Достоевский уже более трех лет жил вне стен училища, глотал книги, выкуривал трубку за трубкой, то и дело болел, порой чем-то нервным, мучился бессонницей; оставлял записки с просьбой не хоронить его в течение нескольких дней на случай летаргического сна; что-то писал по ночам, беспорядочно (то пусто, то густо, но реже пусто) питался, — словом, был предоставлен самому себе. Но даже и близкие его приятели недоумевали, почему так долго не оправдываются всеобщие ожидания, почему талант не дает о себе знать. Наверное, его самолюбие немало страдало: все вокруг не только писали, но и публиковались. «Мне часто приходило в голову, — вспоминал Григорович, — как могло случиться, что я успел уже написать кое-что, это кое-что было напечатано, я считал себя некоторым образом литератором, тогда как Достоевский ничего еще не сделал по этой части?» Это «кое-что» было очерком о быте петербургских шарманщиков. Григорович, случайно встретив осенью 1844-го Достоевского, уже в статском платье, взахлеб рассказал приятелю о своих литературных знакомствах; в тот же день, прочитав ему свой очерк, был потрясен, услышав тонкие, истинно художнические замечания, выдававшие чутье мастера. Вскоре они поселились вместе в той самой квартире на Графском, откуда съехал Ризенкампф, но Ф. М. ни слова не говорил про то, что пишет, и Григорович из деликатности не спрашивал, видя только множество листов, исписанных бисерными, будто нарисованными буквами.

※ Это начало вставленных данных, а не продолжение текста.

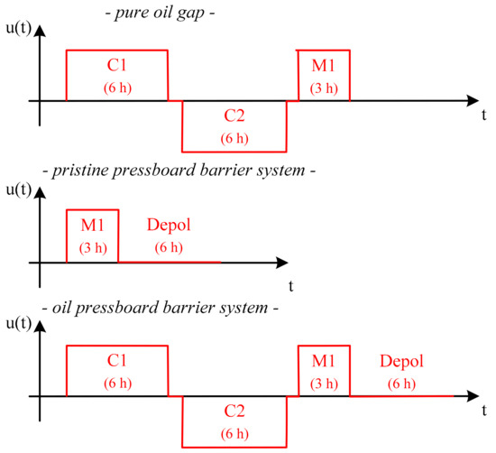 The voltage application in Figure 3 shows, before the technical measurement of the dc conductivity (see M1) is made, the pure oil gap and the oil pressboard barrier system, in contrast to the pristine pressboard barrier system, undergoes conditioning in both polarities (see C1, C2). It has been shown that, when measuring pure oil gaps, initially, the charge carriers are distributed freely in the volume and are subjected to a disordered heat movement. An application of voltage causes to the charge carriers to drift toward the electrodes and accumulate there as space charges [5]. Due to the random distribution and the different distances to the electrodes, this results in a turbulent measured current profile that is affected by outliers. In order to counteract this, a prior voltage conditioning is provided for the arrangement with additional oil gap. This ensures that a defined charge carrier distribution prevails in the oil gap and the current can be recorded without any outlier. For the pure pressboard arrangement, the voltage conditioning can be omitted. The reason for this is that the drift processes play a minor role in the pressboard and the polarization effects prevail. This can be exploited, for example, to shorten measurement times. As a consequence of the conditioning, the test vessel is subjected to both polarities. The voltage level is at least the level of the subsequent measurement. The duration is twice the measurement time of the technical measurement. The measurement phase “Depol” is performed after the measuring phase “M1”. In this measuring phase, the test vessel is short-circuited over a defined 11 MΩ resistor and the depolarization current is recorded for six hours. The measurement phase “Depol” of the pure oil gap was dispensed. It has been found that a 2 mm gap does not have any significant charge carrier storage for the used insulating liquids. Charge carrier storage, however, cannot be ruled out in the case of larger oil gaps, oil sections, or larger oil volumes, and is a current object of investigation.

Не мог не заметить угнетенного состояния друга и доктор Ризенкампф. «Время шло, и Федор Михайлович до 23-летнего возраста не заявил о себе еще ни одним печатным сочинением. Друзья его, как-то Григорович в 1844 году поставил уже на сцену две комедии, разыгранные с успехом; Паттон оканчивал перевод “Истории польского восстания Смиттена”, Михаил Михайлович оканчивал перевод “Дона Карлоса” Шиллера; я сам помещал разные статейки на немецком языке... а Федор Михайлович, глубоко веривший в свое литературное призвание, изготовил сотни мелких рассказов, но не успел еще составить ни одного вполне оконченного литературного труда. Притом денежные его обстоятельства со дня на день более и более приходили в упадок»46. Деньги уплывали и при общежитии с Григоровичем — хватало на первые две недели после получек, и далее молодые люди довольствовались булками и ячменным кофе из соседней лавочки.
Грозила ли Ф. М. перспектива остаться «вечным читателем»? С изрядной долей ехидства намекал на это опекун, еще когда просил шурина не оставлять службы. «Не Вы первый, а много, очень много людей, начинающих свое поприще по известным чистым, светлым и всегда отрадным правилам труда, прилежания и терпения, со способностями ума, коими одарил Вас Господь, с хорошим образованием, которое получили и в заведении отличном, — Вам ли оставаться при софизмах портических, в отвлеченной лени и неге шекспировских мечтаний? На что они, что в них вещественного, кроме распаленного, раздутого, распухлого — преувеличенного, но пузырного образа?» Напрасно, однако, Достоевский ругал опекуна за «озлобление на Шекспира». «В последнем письме Карепин ни с того ни с сего советовал мне не увлекаться Шекспиром! Говорит, что Шекспир и мыльный пузырь всё равно... Ну к чему тут Шекспир?»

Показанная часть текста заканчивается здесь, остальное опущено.